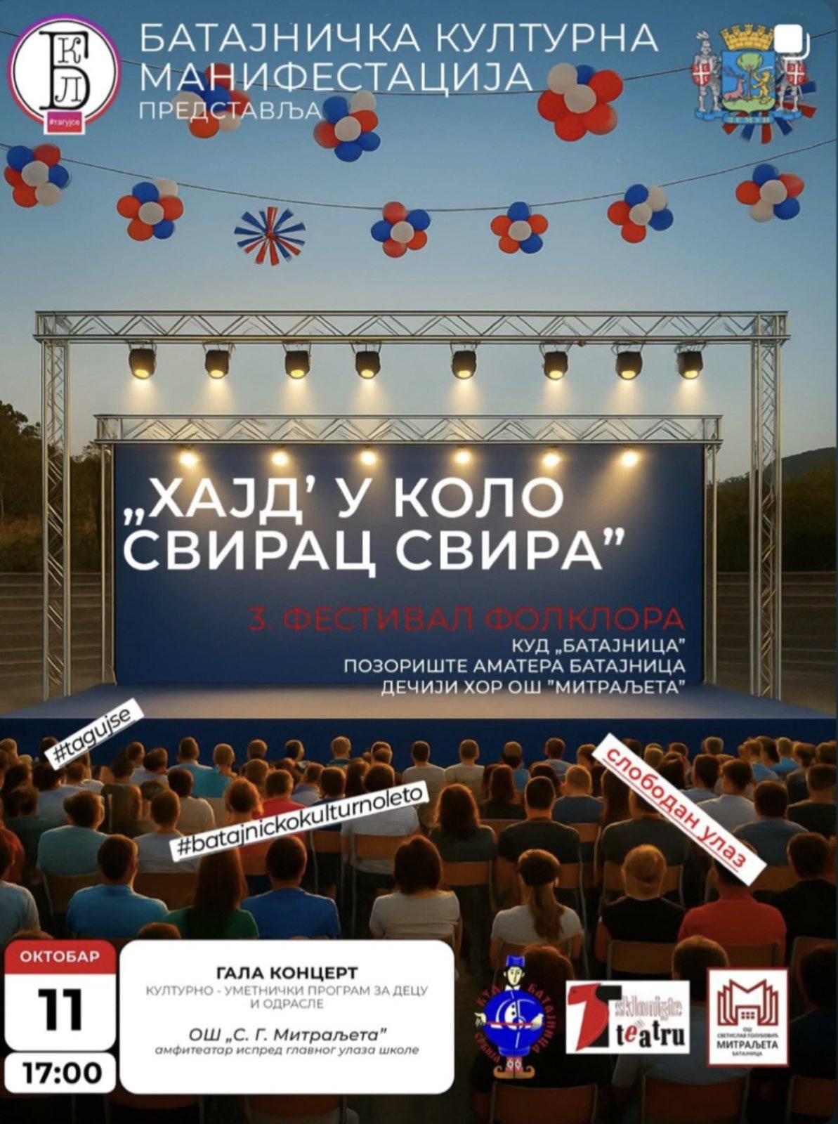 Ова репутација се градила из године у годину, а сада смо постали познати по широком репертоару и спремношћу за наступом. Професионално и стручно, колегиница Влатка Костић, професорка музичке културе, бира своје хористе. Овде се музика и певање доживљавају као креативност и задовољство, али и инспирација и мотивација. Зато вас позивамо да 11.10.2025. одслушате гала концерт нашег хора у оквиру 3. фестивала фолклора, под називом ,,Хајд’ у коло, свирац свира!“. Целокупно дешавање почиње у 17 часова испред школског амфитеатра.
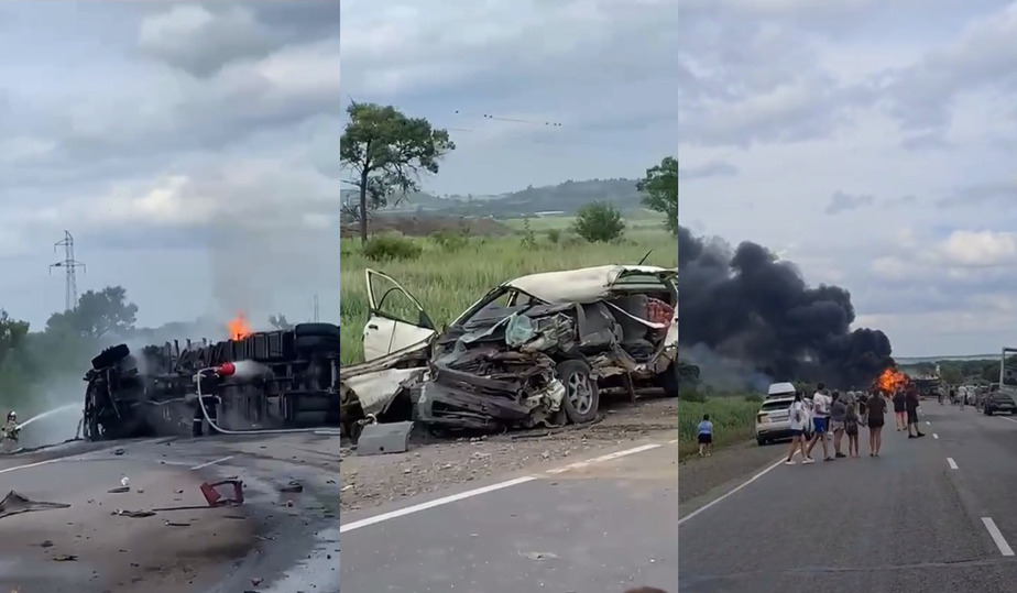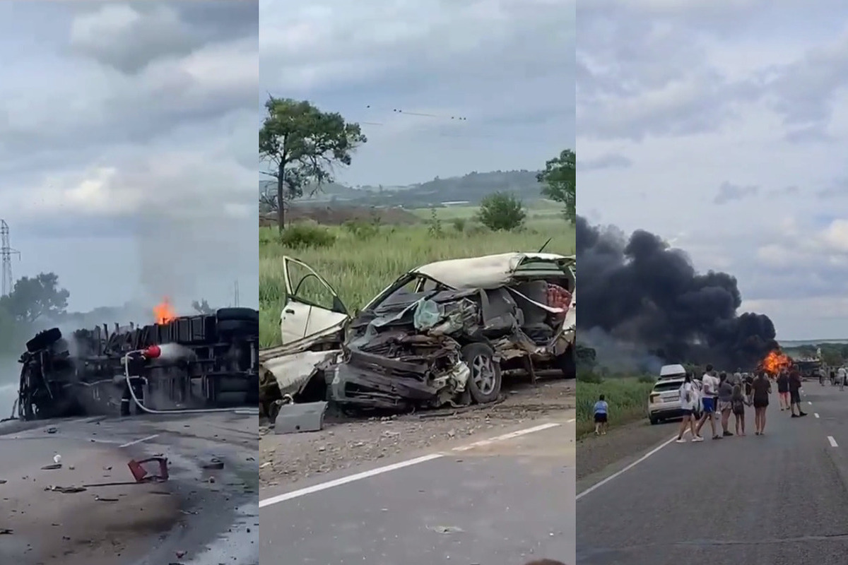 На месте работают сотрудники ГИБДД, МЧС и медики. Возгорание было локализовано, однако расчистка дороги займет несколько часов.
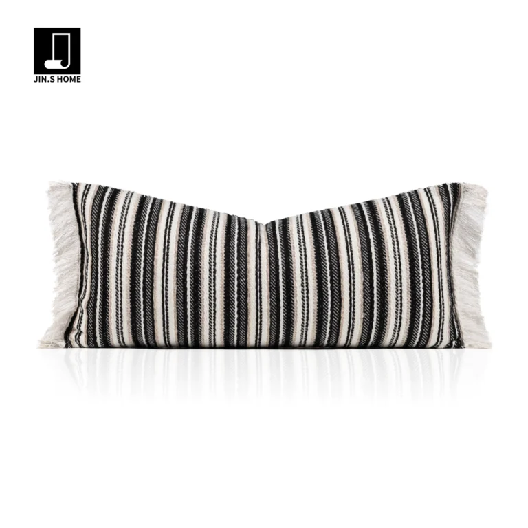 Cushion for Sofa, Living Room, Model Home, Villa: Light Luxury, Sophisticated Style, Black and White Cotton-Linen, Fringed, Tasseled, Bed Pillow, Lumbar Support Cushion
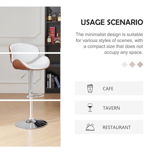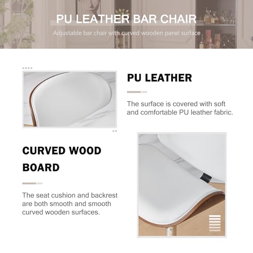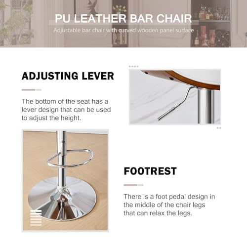 Swivel Bar Stools Set of 2, Adjustable PU Leather BarStools with Back, Modern Counter Height Bar Stools for Kitchen Island, Bar, Dining Room (Black)
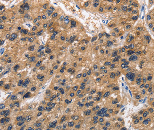 Immunohistochemistry of paraffin-embedded Human liver cancer tissue using ABI3BP Polyclonal Antibody at dilution 1:50
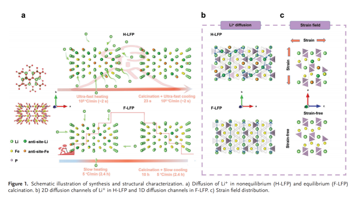图1:H-LFP和F-LFP中反位点缺陷和晶格应变的形成示意图。展示了H-LFP和F-LFP中反位点缺陷的形成过程,Li+的二维和一维扩散通道的对比,以及应变场分布。
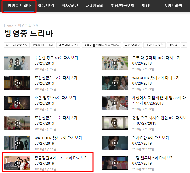위 사이트 접속하면, 방영중인 드라마메뉴에서 바로 들어갑니다. 이 메뉴로 들어가면 현재 방송되고 있는 드라마들이 업데이트 되어 있는 걸 보실 수 있습니다.

────────────────────

* **Required work**: Retyping is limited to the line with "Immunohistochemistry of paraffin-embedded" and the lines after it in the material above; give them exactly and leave out the pictures.

* **Output below**:
 Immunohistochemistry of paraffin-embedded Human liver cancer tissue using ABI3BP Polyclonal Antibody at dilution 1:50
图1:H-LFP和F-LFP中反位点缺陷和晶格应变的形成示意图。展示了H-LFP和F-LFP中反位点缺陷的形成过程,Li+的二维和一维扩散通道的对比,以及应变场分布。
위 사이트 접속하면, 방영중인 드라마메뉴에서 바로 들어갑니다. 이 메뉴로 들어가면 현재 방송되고 있는 드라마들이 업데이트 되어 있는 걸 보실 수 있습니다.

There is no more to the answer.